» INSTRUCTIONS TO FOLLOW
After locating the line with "P2 balkon classic" below, output it and each following line exactly, stopping after the line with "Baderomsinnredning med servantskap". No pictures.

» DATA SECTION

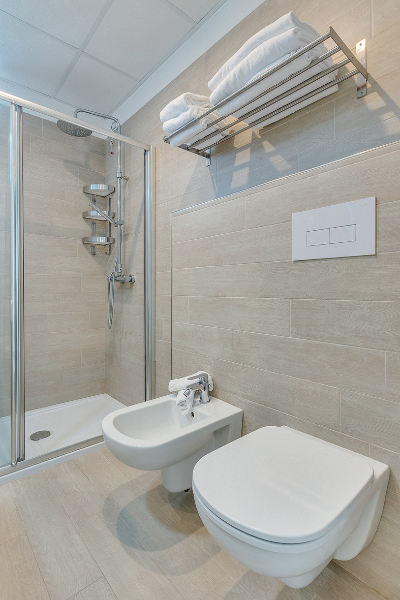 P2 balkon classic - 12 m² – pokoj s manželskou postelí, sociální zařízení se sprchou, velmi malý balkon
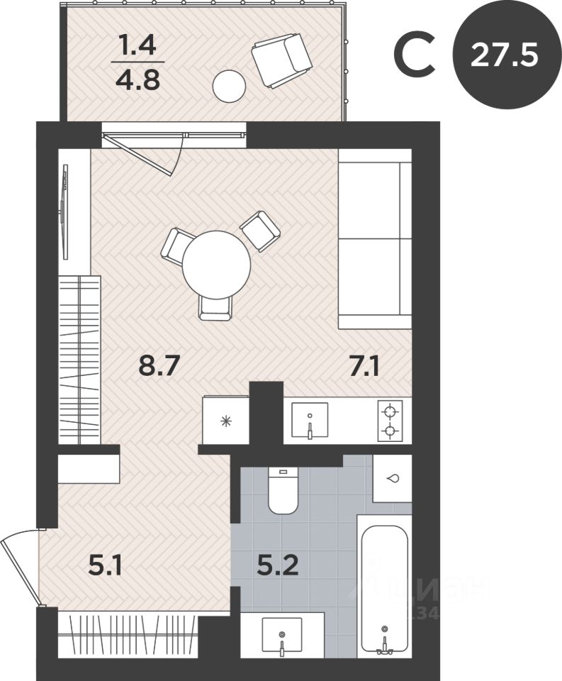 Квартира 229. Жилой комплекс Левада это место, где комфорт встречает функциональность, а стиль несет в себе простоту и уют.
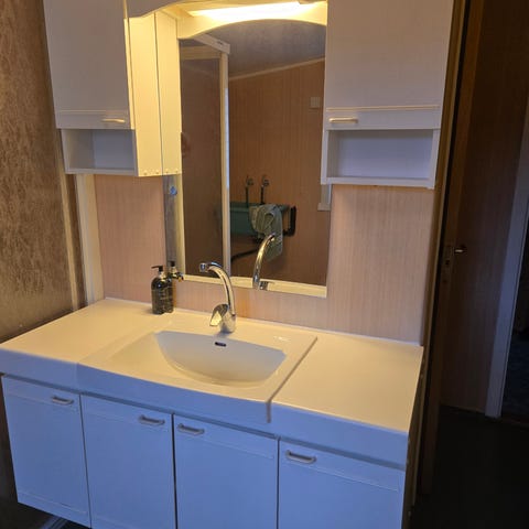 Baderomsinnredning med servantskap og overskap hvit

* * *

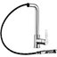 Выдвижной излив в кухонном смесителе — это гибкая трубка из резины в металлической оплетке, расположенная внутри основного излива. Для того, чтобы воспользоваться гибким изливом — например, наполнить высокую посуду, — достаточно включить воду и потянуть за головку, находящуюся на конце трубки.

--

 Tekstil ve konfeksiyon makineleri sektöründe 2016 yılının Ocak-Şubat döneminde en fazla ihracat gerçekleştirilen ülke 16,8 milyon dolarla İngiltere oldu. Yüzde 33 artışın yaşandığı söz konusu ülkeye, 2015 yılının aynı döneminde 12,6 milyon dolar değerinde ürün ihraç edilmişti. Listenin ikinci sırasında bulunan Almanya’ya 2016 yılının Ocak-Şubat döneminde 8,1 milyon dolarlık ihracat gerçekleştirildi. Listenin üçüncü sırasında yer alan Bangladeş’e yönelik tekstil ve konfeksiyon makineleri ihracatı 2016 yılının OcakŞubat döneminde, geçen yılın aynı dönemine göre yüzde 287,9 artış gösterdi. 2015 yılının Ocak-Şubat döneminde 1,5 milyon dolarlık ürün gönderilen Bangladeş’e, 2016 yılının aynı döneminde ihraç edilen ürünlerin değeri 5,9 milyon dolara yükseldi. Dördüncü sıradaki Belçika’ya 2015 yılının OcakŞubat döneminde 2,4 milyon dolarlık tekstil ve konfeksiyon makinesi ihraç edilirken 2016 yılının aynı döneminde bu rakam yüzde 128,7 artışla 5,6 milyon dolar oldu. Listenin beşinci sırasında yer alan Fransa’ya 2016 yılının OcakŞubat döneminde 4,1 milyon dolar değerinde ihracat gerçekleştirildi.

» RESULT FOR THIS EXERCISE
 P2 balkon classic - 12 m² – pokoj s manželskou postelí, sociální zařízení se sprchou, velmi malý balkon
 Квартира 229. Жилой комплекс Левада это место, где комфорт встречает функциональность, а стиль несет в себе простоту и уют.
 Baderomsinnredning med servantskap og overskap hvit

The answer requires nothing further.